We kept the scatterplot, but distinguished different species by color. To further differentiate points, we also changed the shape of the points and made them depend on species. In other words, we doubly encoded the species information in both the shape and color of the points in the scatterplot.

Suppose we don’t want all the species on the same plot. Versicolor and virginica flowers are intermixed, making them difficult to distinguish in the plot. We may try to create three plots side-by-side by changing the settings of a function called par(), which controls how plots are created. The following code does so:

width_range <- range(iris$Sepal.Width)
length_range <- range(iris$Sepal.Length)
# Manually split into three datasets
iris_setosa <- subset(iris, subset = Species == "setosa")
iris_versicolor <- subset(iris, subset = Species == "versicolor")
iris_virginica <- subset(iris, subset = Species == "virginica")
# The par function controls plotting parameters like margin size, borders,
# and many others.
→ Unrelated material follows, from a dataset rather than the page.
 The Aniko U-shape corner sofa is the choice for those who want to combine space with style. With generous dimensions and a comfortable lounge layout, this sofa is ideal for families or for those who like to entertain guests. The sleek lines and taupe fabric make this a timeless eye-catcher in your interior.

For this purpose, we would like to use margin to allow us
# to plot multiple plots, specifically in a 1x3 grid. The parameter we can
# set with par to control this is mfrow, which we set with a length 2 vector
# with the first coordinate being the number of rows, and the second
# coordinate being the number of columns. First, save the current par
# settings:
old_par <- par()
# Now, change the settings
par(mfrow = c(1, 3))
# After setting this way, we call plots as usual, but when they are made
# they will be added to the 1x3 graphic left-to-right, top-to-bottom.  I
# also use formula notation to create the plot here. To make a (x,y) plot,
# use y ~ x.
plot(Sepal.Width ~ Sepal.Length, data = iris_setosa, ylim = width_range, xlim = length_range, 
    main = "setosa")
plot(Sepal.Width ~ Sepal.Length, data = iris_versicolor, ylim = width_range, 
    xlim = length_range, main = "versicolor")
plot(Sepal.Width ~ Sepal.Length, data = iris_virginica, ylim = width_range, 
    xlim = length_range, main = "virginica")
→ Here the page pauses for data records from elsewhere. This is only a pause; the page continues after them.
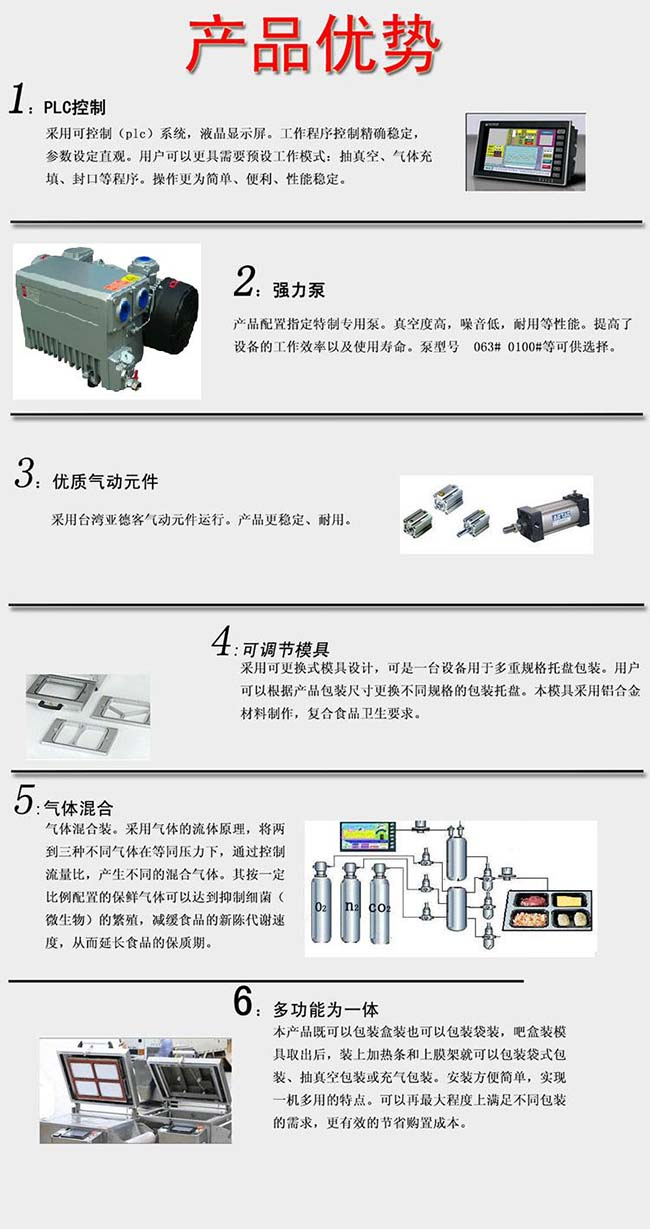 1. 本公司针对连锁店、超市、专卖店、实验室、小型食品生产企业等推出的一款突破性设计真理气调保鲜包装机。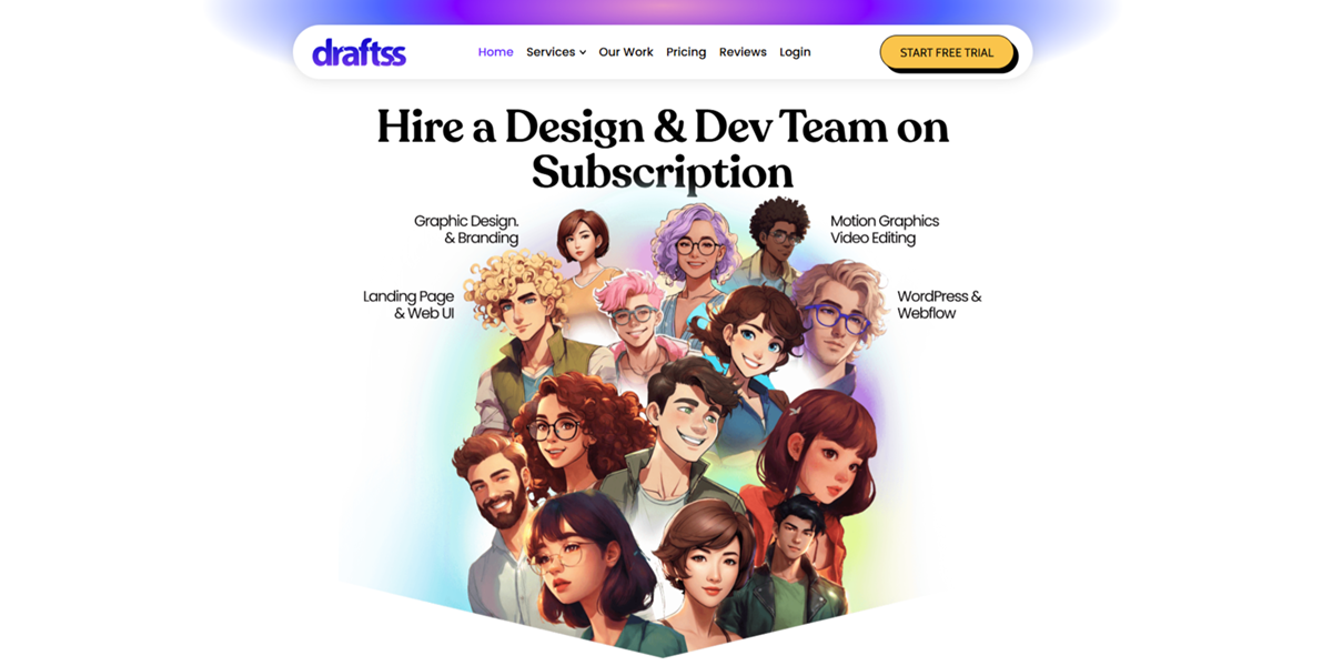 From logos to landing pages, Draftss covers everything, so you don’t need to juggle multiple freelancers.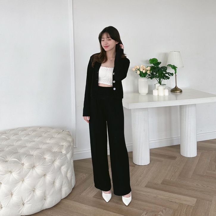 TERBARU Set Casey Premium Knit (Cardi+Pants) / Setelan Baju Wanita Kekinian Crop dan Celana Kulot Premium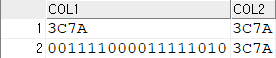 INSERT INTO TEMP08 VALUES('3C7A', HEXTORAW('3C7A'));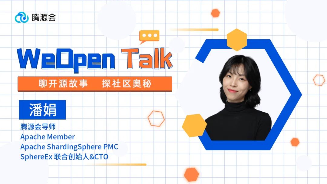 人物介绍:潘娟,腾源会导师,SphereEx 联合创始人&CTO;Apache Member,Apache ShardingSphere PMC,Apache brpc(Incubating) & Apache AGE(Incubating) mentor,AWS Data Hero,中国木兰开源社区导师。
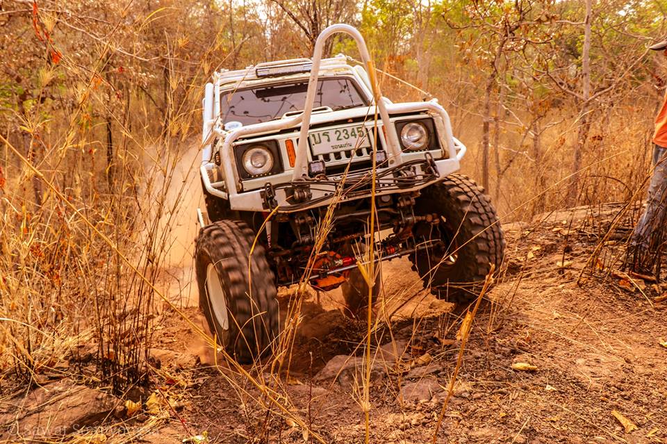 ผมได้มีโอกาสสอบถามสมาชิกใหม่ที่ร่วมเดินทางครั้งแรก เขาว่า “พี่ผมกลับได้ไหม” ด้วยอากาศที่ร้อนบวกกับเส้นทางแค่จุดแรกกินเวลาไปกว่าครึ่งวัน มันก็เลยบั่นทอนจิตใจของสมาชิกใหม่พอสมควร แต่จากความร่วมแรงร่วมใจของทุกคน ทำให้เราผ่านอุปสรรคต่างๆ มาได้ จนมาพักทานอาหารกลางวันในอีกไม่กี่อึดใจต่อมา และเดินทางต่อไปยังจุดที่ 2 ซึ่งต่างจากจุดแรกคือ เป็นทางขึ้น-ลงเขาชัน ซึ่งจุดนี้เล่นเอาถึงกับเหงื่อไหลเป็นทางกันทีเดียว ปัญหาหลักของจุดนี้คือ ตรงยอดเนินที่จะขึ้นจะเป็นหลุมสลับ ช่วงล่างจะบิดเป็นตัว X รถที่ช่วงล่างยีด-ยุบ ไม่ดี ก็ต้องใช้วินช์ดึงขึ้นไปแทน เพราะไม่อยากแลกกับความเสียหายที่จะเกิดขึ้นได้โดยไม่คาดฝัน แต่ละคันก็ผ่านไปได้ด้วยดี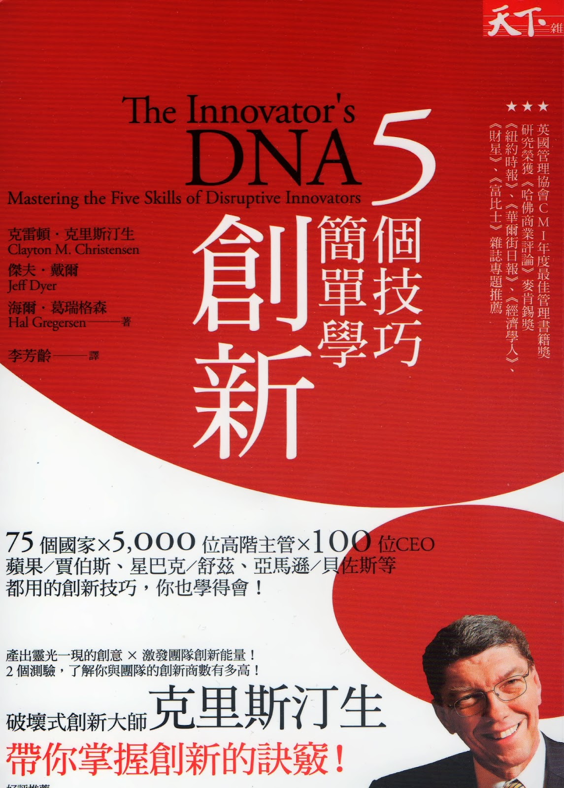 在一片追求創新, 創意, 創業的浪潮聲中, 這一本由 破壞式創新大師 克雷頓 . 克里斯汀生 (Clayton Christensen) 所主筆的本書無疑的是大師一系列著作中最精華的一本. 一直以來我們都認為創意與創新是靠靈感偶然的迸現也就是 “ 靈光乍現 ” 的概念而得到的, 但其實不然, 創新與創意的產生是可以經由訓練而達成的, 作者與他的研究團隊訪談了數以百計的知名創新公司的 CEO 而歸納出創新與創意的點子是經由以下這五個技巧訓練出來的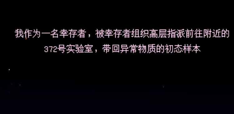 游戏开场以多段精炼文本切入,快速建立世界观背景:一场未知灾变后,人类文明几近崩解。玩家扮演唯一受控幸存者,任务目标明确——潜入编号为“372”的地下实验室,取回关键生物样本。整段实验室流程兼具叙事引导与操作教学功能,涵盖移动、拾取、交互、基础战斗等核心机制,帮助新玩家平滑上手。

# You should reset par to its original settings once done, or you will
# continue to get plots using these settings, which may not be what you
# want.
par(old_par)

## Warning in par(old_par): graphical parameter "cin" cannot be set

## Warning in par(old_par): graphical parameter "cra" cannot be set

## Warning in par(old_par): graphical parameter "csi" cannot be set

## Warning in par(old_par): graphical parameter "cxy" cannot be set

## Warning in par(old_par): graphical parameter "din" cannot be set

## Warning in par(old_par): graphical parameter "page" cannot be set

Now, suppose that a third variable we wish to plot is numerical rather than categorical. We may use a bubbleplot to do so, where we create a scatterplot but each point in the scatterplot is a circle with area representing the value of a third variable. (Note that the third variable must be encoded by area, not diameter! This is because people percieve area, not diameter, and using diameter to encode information rather than area will create plots that are confusing and misleading.) We can create a bubble chart in R by making the cex parameter in plot(), which controls the size of points, dependant on one of the variables in the data set.

The following plot is a bubbleplot that shows states average teacher salary, average total SAT score, and encodes the percentage of SAT takers as the area of the bubbles.
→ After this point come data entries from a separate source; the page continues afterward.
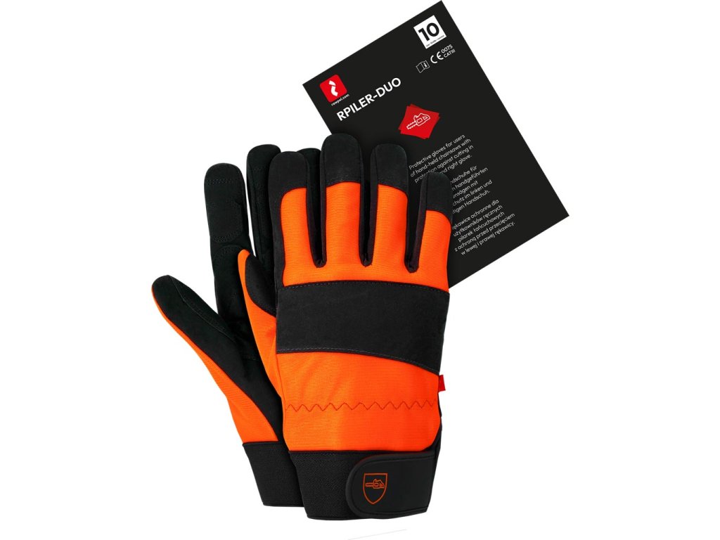 Pilčícke a lesnícke pracovné rukavice REIS. - Vyrobené zo syntetickej kože v kombinácii s oranžovým polyesterovým úpletom. - Výstuž zo syntetickej kože medzi palcom a ukazovákom. - Podšívka z EVA peny na vnútornej strane rukoväte zabraňuje mozoľom a oderom. - Výstuž zo syntetickej kože medzi palcom a ukazovákom. - Ukončené manžetou s dodatočným zapínaním na suchý zips pre jednoduché nastavenie. - Súčasťou balenia je ochrana ruky proti reťazovej píle na ľavej a pravej strane rukavíc. - Najvyššia odolnosť proti oderu (4). - Určené pre používateľov ručných reťazových píl.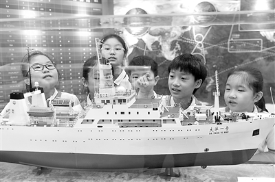 7月3日,在自然資源部第一海洋研究所中國大洋樣品館,山東省青島市市北區北山二路小學學生在參觀“大洋一號”綜合性遠洋科考船模型。暑期,該校學生走進中國大洋樣品館,在豐富的海洋礦物樣品中,探索奇妙的海底世界,感受科技的魅力。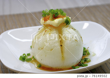 丸ごと新玉ねぎのホイル蒸し バターとフライドオニオンと小葱のせて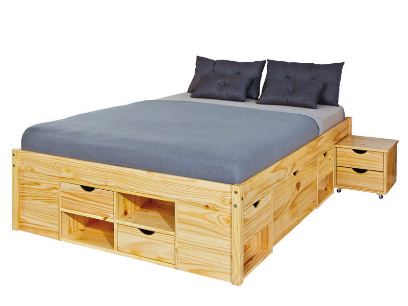 Das Funktionsbett verwandelt den sonst ungenutzten Platz unter dem Bett in nützlichen Stauraum. Die großen Schubkästen bieten Platz für Bettwäsche und die sonstigen Fächer und Schubladen bieten ebenfalls reichlich Stauraum der nach Belieben genutzt werden darf. Zusätzlich ist das Funktionsbett mit rollbaren Nachtkommoden ausgestattet auf denen z.B. eine Lampe abgestellt werden kann. Das Funktionsbett besteht aus robustem Massivholz. Das verarbeitete Material stammt aus einer umweltfreundlichen Produktion und wurde sorgfältig ausgewählt. Die Oberfläche wurde mit einem transparenten Lack behandelt, was die natürlichen Holzmaserungen besonders schön unterstreicht.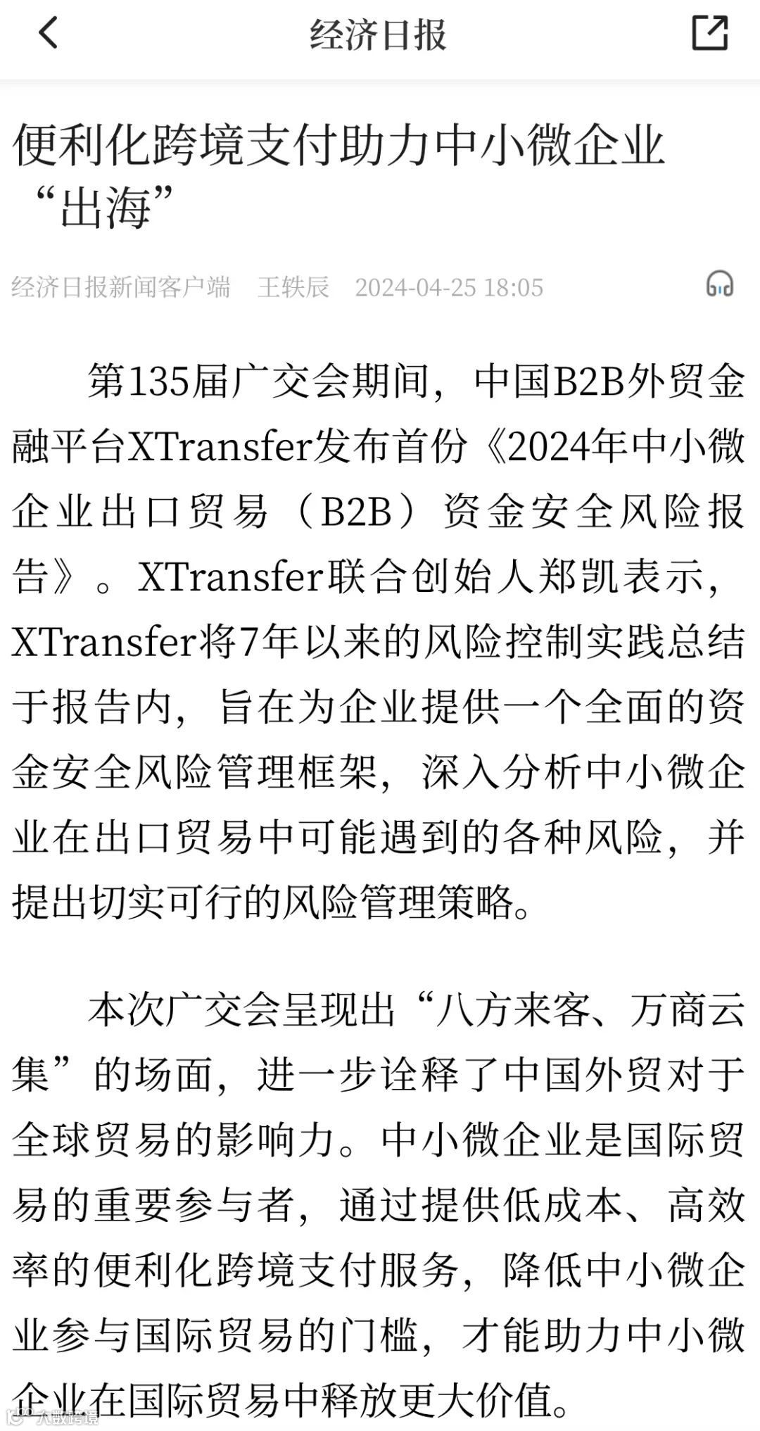 第135届广交会期间,XTransfer发布首份《2024年中小微企业出口贸易(B2B)资金安全风险报告》,助力中小微企业便利出海,《经济日报》报道点赞!
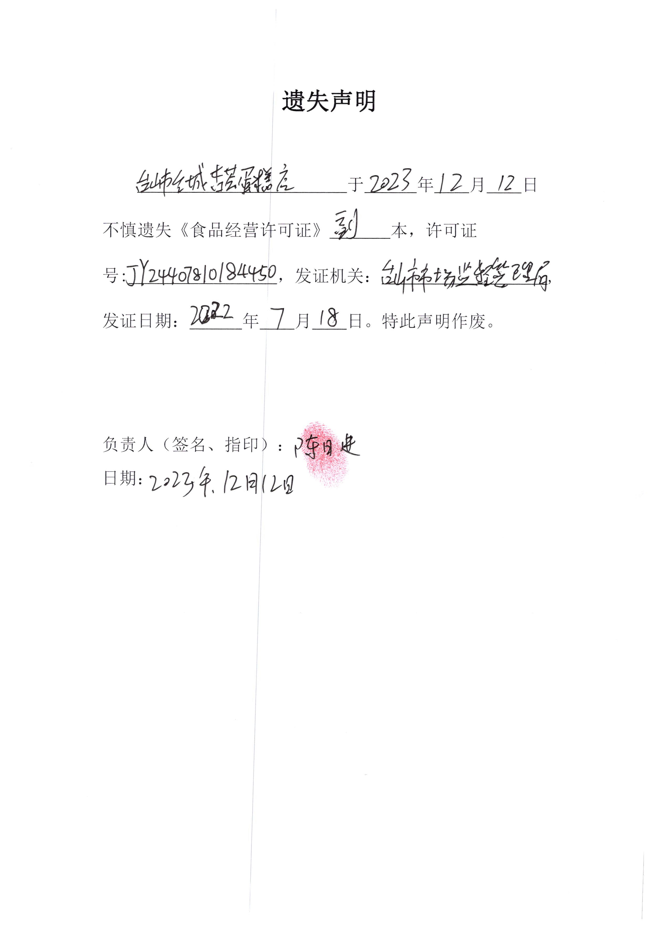 遺失聲明——臺山市臺城杏薈蛋糕店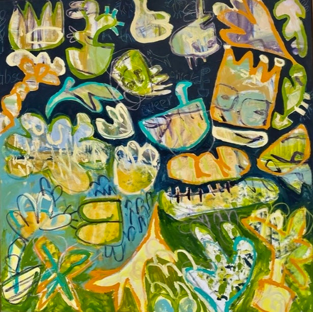 125 x 125cm. Acrylic paint, oil paint and oil pastel on canvas framed in sustainable timber.

# The SAT data is in UsingR
library(UsingR)
plot(total ~ salary, data = SAT,
     # filled circles
     pch = 16,
     # rgb is a function for creating colors via RGB values. The alpha parameter controls transparency. I make the circles semi-transparent.
     col=rgb(red = 0, green = 0, blue = 0, alpha = 0.250),
     # cex controls the size (length) of the points. The following makes the points' area dependant on the perc variable in SAT, with division by 10 just to keep sizes under control
     cex = sqrt(perc/10))

So far, we have seen ways to visualize three variables together, basing our graphics on scatterplots. What about data sets with more than three variables?

A scatterplot matrix creates multiple scatterplots in a grid (matrix), each showing a different combination of variables. The variables become the rows and columns of the matrix, and the plot in a particular row and column of the matrix represents a particular combination of the variables.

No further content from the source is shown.